For this exercise, return all the data word for word, with images left out.
(Materials provided begins)
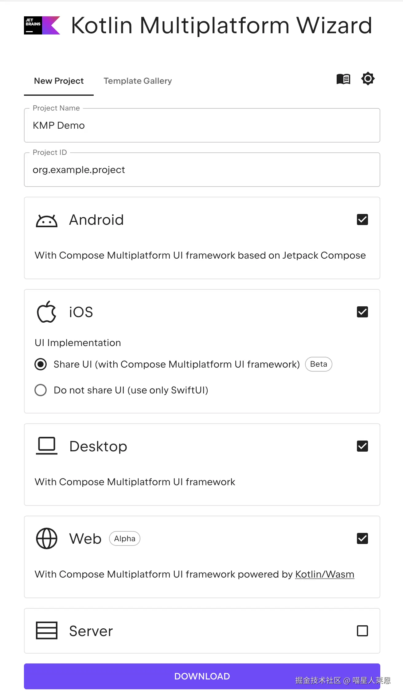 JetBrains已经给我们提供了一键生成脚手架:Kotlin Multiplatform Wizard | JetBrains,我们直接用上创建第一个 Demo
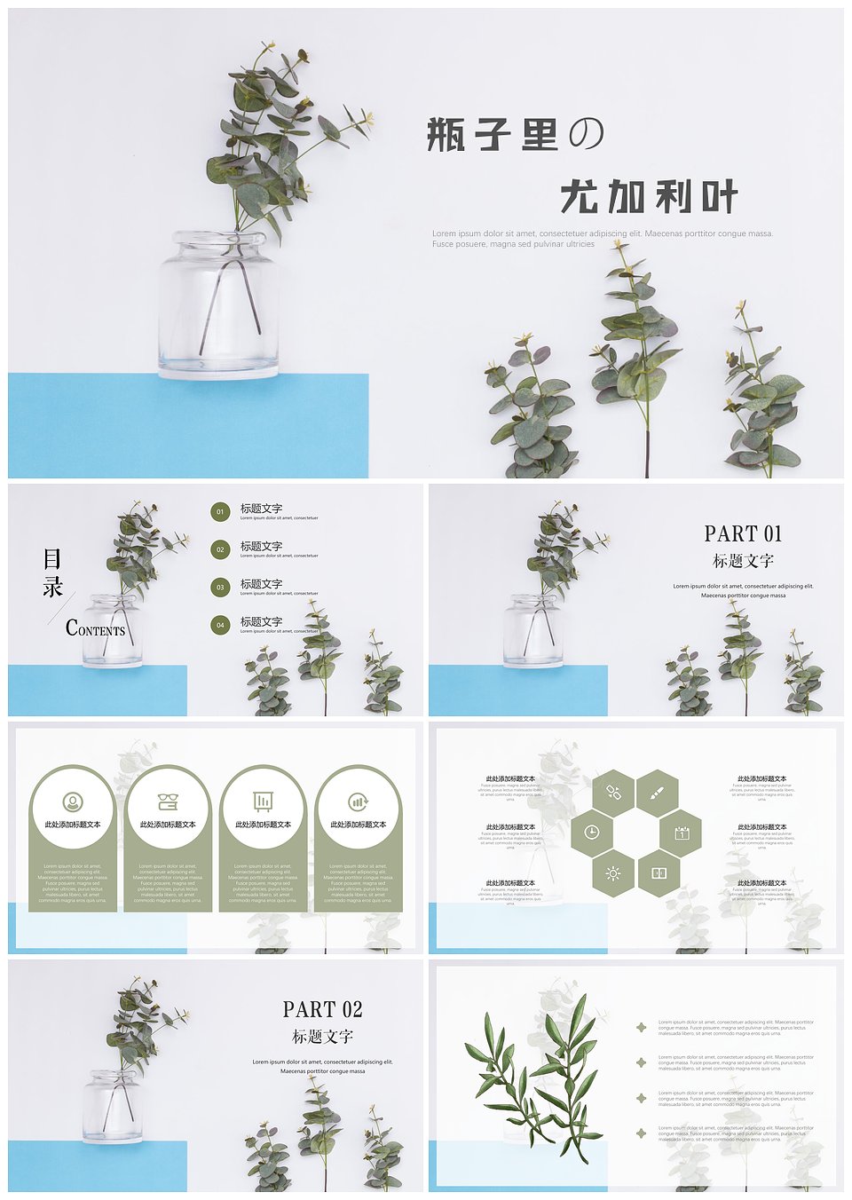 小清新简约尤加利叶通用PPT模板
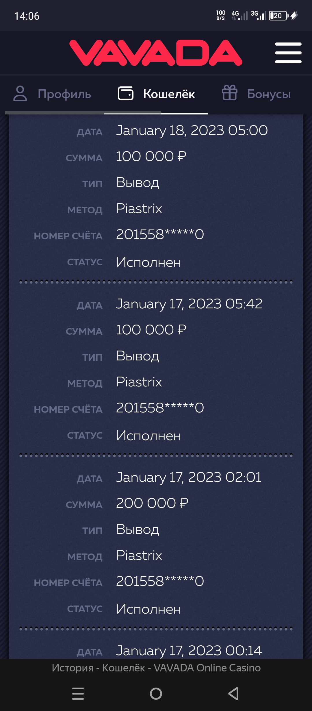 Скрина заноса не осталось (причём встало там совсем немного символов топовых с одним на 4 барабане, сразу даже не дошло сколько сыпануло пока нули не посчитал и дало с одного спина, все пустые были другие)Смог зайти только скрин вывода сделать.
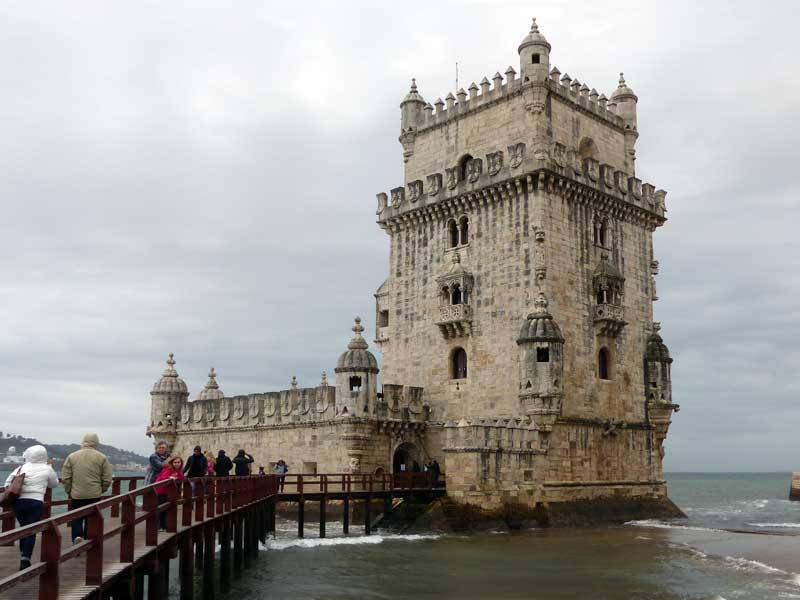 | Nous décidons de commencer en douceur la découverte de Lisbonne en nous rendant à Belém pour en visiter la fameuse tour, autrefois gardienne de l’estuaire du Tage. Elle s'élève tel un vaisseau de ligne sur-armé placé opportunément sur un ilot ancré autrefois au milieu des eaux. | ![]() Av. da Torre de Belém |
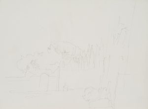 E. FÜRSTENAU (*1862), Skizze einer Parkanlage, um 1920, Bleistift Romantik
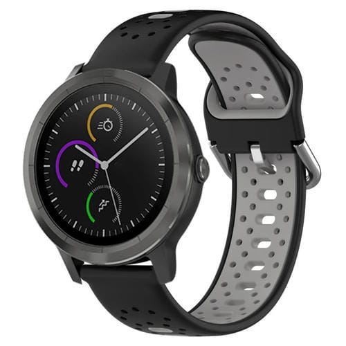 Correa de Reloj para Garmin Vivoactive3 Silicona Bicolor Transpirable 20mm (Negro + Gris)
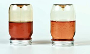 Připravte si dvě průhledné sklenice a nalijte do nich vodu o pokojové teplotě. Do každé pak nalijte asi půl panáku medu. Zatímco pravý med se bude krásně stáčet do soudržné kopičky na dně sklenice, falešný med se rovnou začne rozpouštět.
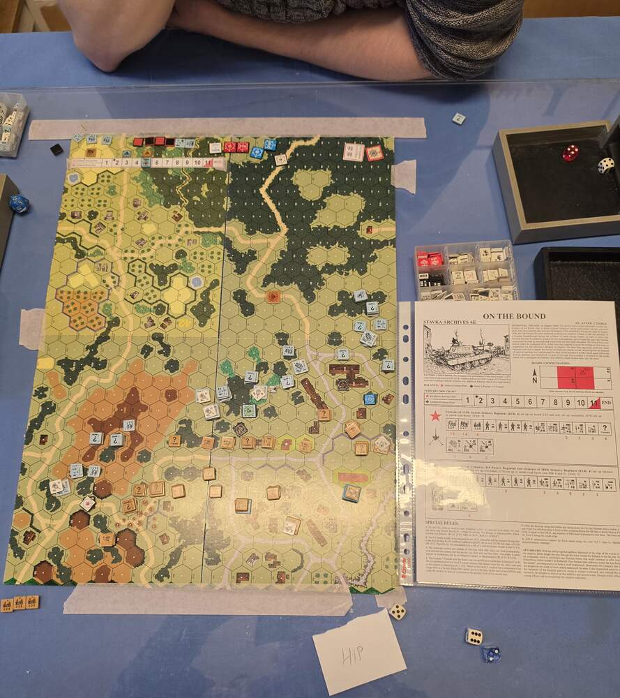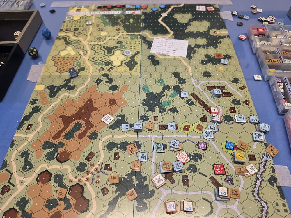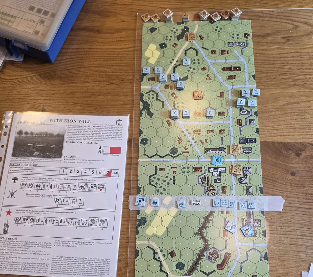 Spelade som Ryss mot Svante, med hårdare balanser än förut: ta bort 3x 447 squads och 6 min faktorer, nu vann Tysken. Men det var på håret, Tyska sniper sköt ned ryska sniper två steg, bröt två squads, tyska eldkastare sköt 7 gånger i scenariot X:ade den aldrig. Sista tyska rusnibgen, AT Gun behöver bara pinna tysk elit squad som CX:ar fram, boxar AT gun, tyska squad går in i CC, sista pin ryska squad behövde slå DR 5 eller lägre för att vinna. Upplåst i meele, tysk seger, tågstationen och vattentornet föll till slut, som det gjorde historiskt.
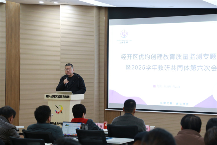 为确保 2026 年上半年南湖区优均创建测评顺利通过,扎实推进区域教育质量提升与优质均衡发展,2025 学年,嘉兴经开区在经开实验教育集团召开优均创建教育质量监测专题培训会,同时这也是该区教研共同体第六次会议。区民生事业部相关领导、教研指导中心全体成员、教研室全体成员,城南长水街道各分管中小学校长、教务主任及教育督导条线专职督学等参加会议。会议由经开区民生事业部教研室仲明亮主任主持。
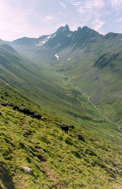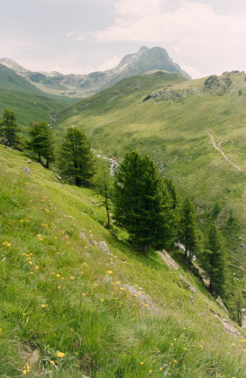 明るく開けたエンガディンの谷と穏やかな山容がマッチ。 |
(Materials provided ends)
→ **Your response**:
 JetBrains已经给我们提供了一键生成脚手架:Kotlin Multiplatform Wizard | JetBrains,我们直接用上创建第一个 Demo
 小清新简约尤加利叶通用PPT模板
 Скрина заноса не осталось (причём встало там совсем немного символов топовых с одним на 4 барабане, сразу даже не дошло сколько сыпануло пока нули не посчитал и дало с одного спина, все пустые были другие)Смог зайти только скрин вывода сделать.
 | Nous décidons de commencer en douceur la découverte de Lisbonne en nous rendant à Belém pour en visiter la fameuse tour, autrefois gardienne de l’estuaire du Tage. Elle s'élève tel un vaisseau de ligne sur-armé placé opportunément sur un ilot ancré autrefois au milieu des eaux. | ![]() Av. da Torre de Belém |
 E. FÜRSTENAU (*1862), Skizze einer Parkanlage, um 1920, Bleistift Romantik
 Correa de Reloj para Garmin Vivoactive3 Silicona Bicolor Transpirable 20mm (Negro + Gris)
 Připravte si dvě průhledné sklenice a nalijte do nich vodu o pokojové teplotě. Do každé pak nalijte asi půl panáku medu. Zatímco pravý med se bude krásně stáčet do soudržné kopičky na dně sklenice, falešný med se rovnou začne rozpouštět.
 Spelade som Ryss mot Svante, med hårdare balanser än förut: ta bort 3x 447 squads och 6 min faktorer, nu vann Tysken. Men det var på håret, Tyska sniper sköt ned ryska sniper två steg, bröt två squads, tyska eldkastare sköt 7 gånger i scenariot X:ade den aldrig. Sista tyska rusnibgen, AT Gun behöver bara pinna tysk elit squad som CX:ar fram, boxar AT gun, tyska squad går in i CC, sista pin ryska squad behövde slå DR 5 eller lägre för att vinna. Upplåst i meele, tysk seger, tågstationen och vattentornet föll till slut, som det gjorde historiskt.
 为确保 2026 年上半年南湖区优均创建测评顺利通过,扎实推进区域教育质量提升与优质均衡发展,2025 学年,嘉兴经开区在经开实验教育集团召开优均创建教育质量监测专题培训会,同时这也是该区教研共同体第六次会议。区民生事业部相关领导、教研指导中心全体成员、教研室全体成员,城南长水街道各分管中小学校长、教务主任及教育督导条线专职督学等参加会议。会议由经开区民生事业部教研室仲明亮主任主持。
 明るく開けたエンガディンの谷と穏やかな山容がマッチ。 |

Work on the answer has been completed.